→ About this exercise
The full listing, returned exactly and free of pictures, is the expected answer.

→ Stored data
>>

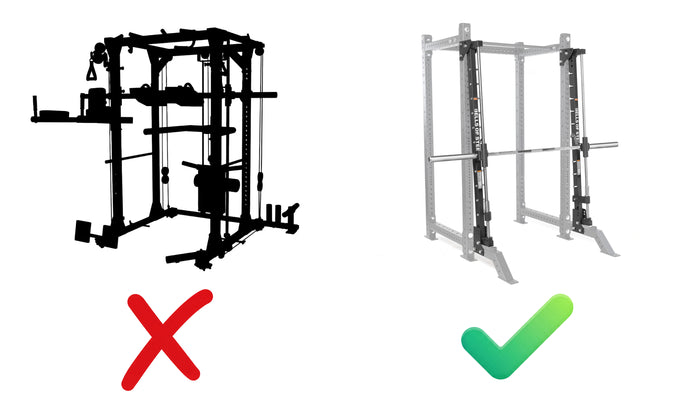 • Zero setup between exercises → Go from squats to bench to rows in seconds on the Smith attachment, then swing out to free weight training on your rack, it's like having two stations in one footprint.
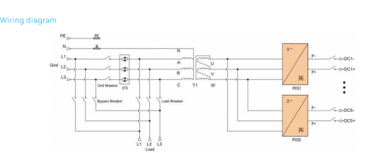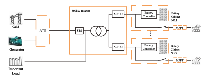 Funkcija Sistem uporablja modularne inverterske enote v vzporedni konfiguraciji, kjer DC vhod vsakega inverterskega modula ustreza namenski baterijski omarici, omogočanje upravljanja na gručo za odpravo kroženja tokov med vrvice baterij. Napajalni moduli AC/DC podpirajo prilagodljivo uvajanje tako v količini kot v nazivna moč z največjo zmogljivostjo 60kW modulov v 5-enotni vzporednici konfiguracijo. AC izhod iz napajalnih modulov se dovaja prek transformatorja izolirana izhodna stopnja, ki napaja breme z močnim uporom trenutni šok. Hibridni ESS uporablja fotonapetostno integracijo, povezano z enosmernim tokom, ki dosega visoko učinkovitost pretvorbe energije in optimizirana za scenarije izven omrežja s PV proizvodna zmogljivost presega povpraševanje po obremenitvi; Krmilniki MPPT za uporabo na prostem integrirajte funkcije združevalnika in MPPT v eno samo utrjeno ohišje. Celoten sistem vključuje možnost dizelskega generatorja ATS, 300kW hibrida pretvornik, krmilnik PV MPPT in sistem za shranjevanje energije v baterijah.
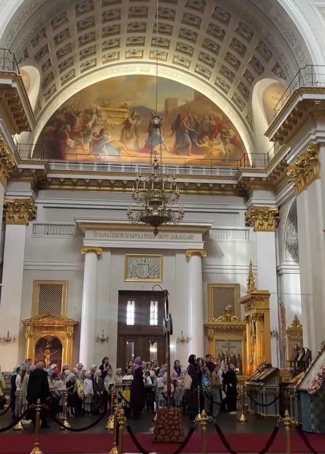 The camera pans upward in a large interior space, likely a cathedral, featuring high vaulted ceilings and white walls adorned with gold accents. A large mural is above a central doorway, below which a group of people, many of whom are children wearing headscarves, are gathered behind a velvet rope barrier. A chandelier hangs from the ceiling. The overall atmosphere appears to be religious or cultural in nature.

<<

→ Answer for this exercise
 • Zero setup between exercises → Go from squats to bench to rows in seconds on the Smith attachment, then swing out to free weight training on your rack, it's like having two stations in one footprint.
 Funkcija Sistem uporablja modularne inverterske enote v vzporedni konfiguraciji, kjer DC vhod vsakega inverterskega modula ustreza namenski baterijski omarici, omogočanje upravljanja na gručo za odpravo kroženja tokov med vrvice baterij. Napajalni moduli AC/DC podpirajo prilagodljivo uvajanje tako v količini kot v nazivna moč z največjo zmogljivostjo 60kW modulov v 5-enotni vzporednici konfiguracijo. AC izhod iz napajalnih modulov se dovaja prek transformatorja izolirana izhodna stopnja, ki napaja breme z močnim uporom trenutni šok. Hibridni ESS uporablja fotonapetostno integracijo, povezano z enosmernim tokom, ki dosega visoko učinkovitost pretvorbe energije in optimizirana za scenarije izven omrežja s PV proizvodna zmogljivost presega povpraševanje po obremenitvi; Krmilniki MPPT za uporabo na prostem integrirajte funkcije združevalnika in MPPT v eno samo utrjeno ohišje. Celoten sistem vključuje možnost dizelskega generatorja ATS, 300kW hibrida pretvornik, krmilnik PV MPPT in sistem za shranjevanje energije v baterijah.
 The camera pans upward in a large interior space, likely a cathedral, featuring high vaulted ceilings and white walls adorned with gold accents. A large mural is above a central doorway, below which a group of people, many of whom are children wearing headscarves, are gathered behind a velvet rope barrier. A chandelier hangs from the ceiling. The overall atmosphere appears to be religious or cultural in nature.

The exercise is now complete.